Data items
====
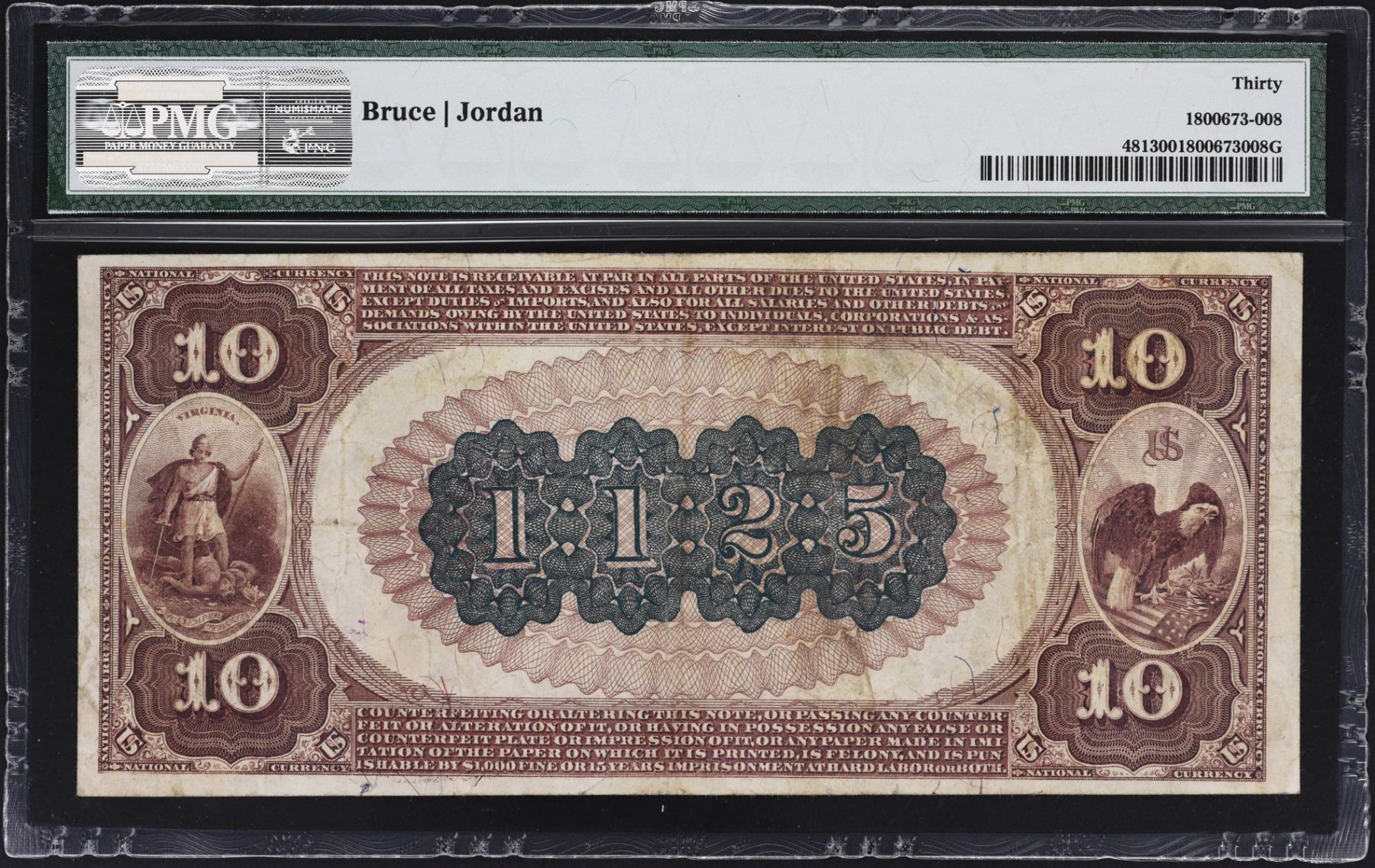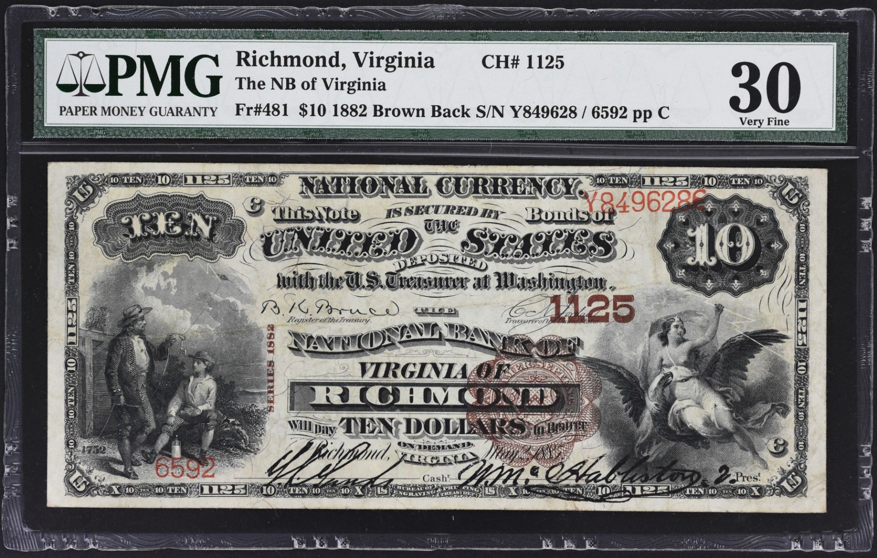 A difficult Richmond charter with this note being one of just 32 notes known, all large-size. This $10 brown back is one of just two for the denomination and type and the finer of that pair. A nicely centered example which follows the trend in this collection as not a single piece is found below the Very Fine level.
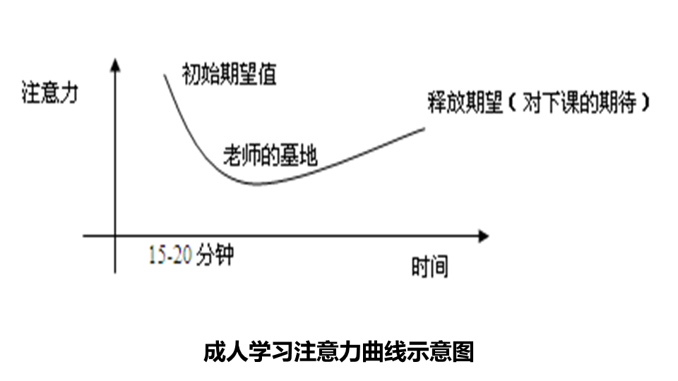 有专家研究发现,成人在学习过程中的注意力会有一个曲线变化(如图5-1所示)。
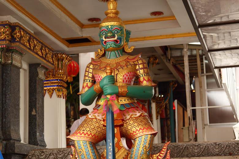 正面入り口付近にあるヤック(守護神)。バンコクの王宮を筆頭にタイの寺院で良く見られるものですね。 |
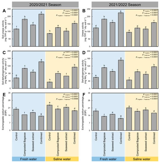 | p Irrigation × Treatment | <0.0001 | 0.06996 | 0.0492 | 0.1580 | 0.0003 | <0.0001 | 0.0488 | |
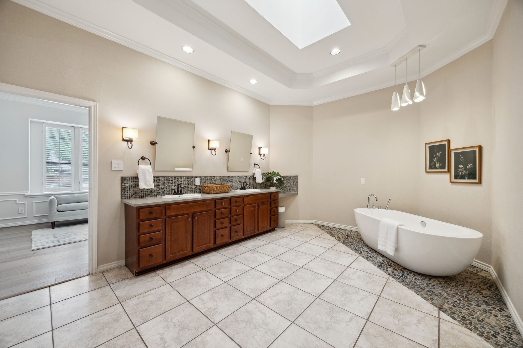Retreat to the luxurious primary suite, a private oasis with a cozy sitting area, a statement fireplace, and spa-like ensuite bathroom, complete with a soaking tub, oversized walk-in shower, and dual vanities. Additional bedrooms are generously sized, each offering a tranquil ambiance and sophisticated design.
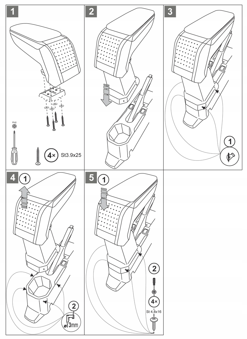 монтажное оборудование доработано технологами в мельчайших деталях, благодаря чему подлокотник будет идеально вписываться в ваш автомобиль, как заводской. Сборка очень проста и включает в себя привинчивание подлокотника вместе с адаптером к центральному туннелю с помощью винтов. В комплект поставки входят руководство по монтажу (также доступно в электронном виде) и крепежные винты. Конструкция обеспечивает мгновенную самостоятельную сборку путем нанесения на центральную консоль и затягивания винтов. После установки подлокотник полностью стабилен и выглядит очень эстетично.п>
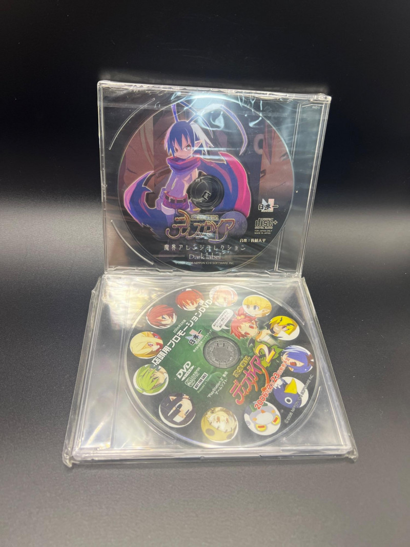 Japanese retail promo DVD used for in‑store advertising prior to the release of Disgaea 2. Features character previews, trailers, and promotional materials. A rare item for collectors of Nippon Ichi Software memorabilia. Both discs are visually clean with bright, crisp artwork — ideal for fans of the series, soundtrack collectors, or anyone building a Disgaea or NIS archive.
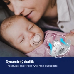 Dynamischer Silikonschnuller LOVI wurde entwickelt, um die natürliche und gesunde Entwicklung des Gaumens, der Zähne und des Zahnfleisches des Kindes zu unterstützen. Ohne Bisphenol A und dank der Verwendung von Silikon besonders langlebig.
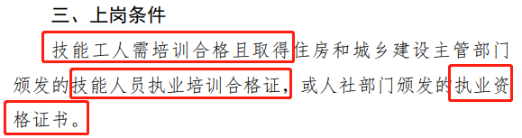 一般技术工人需取得住房和城乡建设主管部门颁发的技能人员执业培训合格证,或人社部门颁发的执业资格证书。
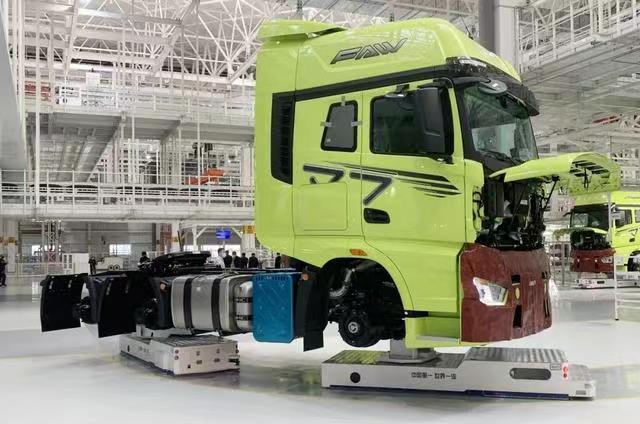 2021年,一汽解放J7智能工廠(chǎng)內,新松開(kāi)創(chuàng )性地將移動(dòng)機器人雙車(chē)聯(lián)動(dòng)轉彎技術(shù)在重載、超長(cháng)物體運輸環(huán)節投入應用,終結了國內重卡裝配線(xiàn)只能“一線(xiàn)到底”的尷尬局面;
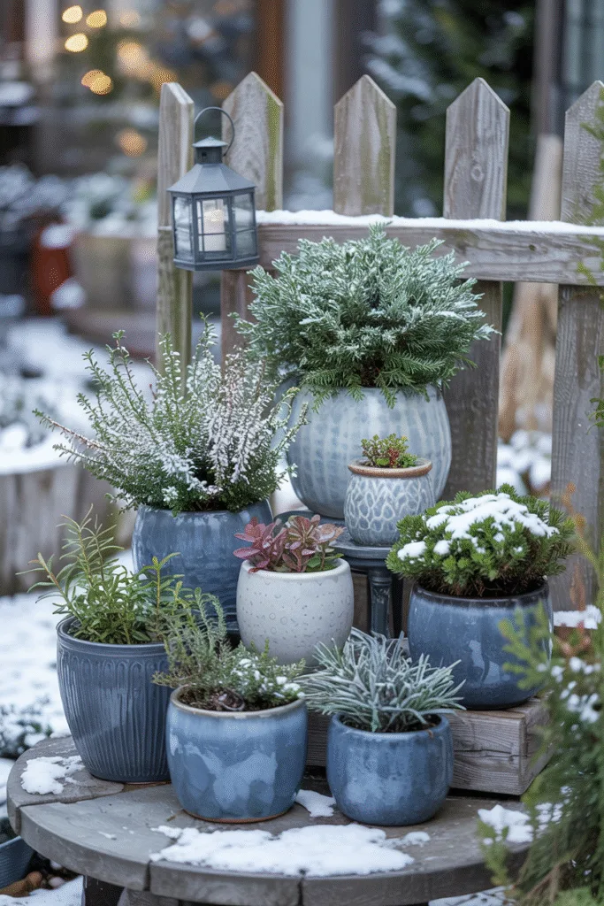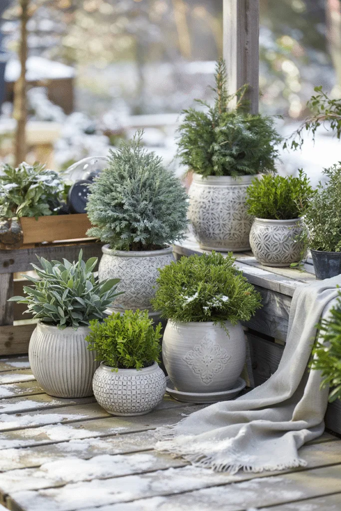 Invest in frost-resistant ceramic or terracotta pots to create striking displays. Fill them with evergreens, ornamental grasses, or winter heathers for texture and color. Group pots of varying heights to create visual interest without overcrowding your space. Seal the pots with a weatherproof glaze to ensure durability.
====
TASK TO COMPLETE
Take the line containing "2021年,一汽解放J7智能" and every line after it through the end of the data, and write them out exactly, with no pictures.

OUTPUT FOR THIS EXERCISE
 2021年,一汽解放J7智能工廠(chǎng)內,新松開(kāi)創(chuàng )性地將移動(dòng)機器人雙車(chē)聯(lián)動(dòng)轉彎技術(shù)在重載、超長(cháng)物體運輸環(huán)節投入應用,終結了國內重卡裝配線(xiàn)只能“一線(xiàn)到底”的尷尬局面;
 Invest in frost-resistant ceramic or terracotta pots to create striking displays. Fill them with evergreens, ornamental grasses, or winter heathers for texture and color. Group pots of varying heights to create visual interest without overcrowding your space. Seal the pots with a weatherproof glaze to ensure durability.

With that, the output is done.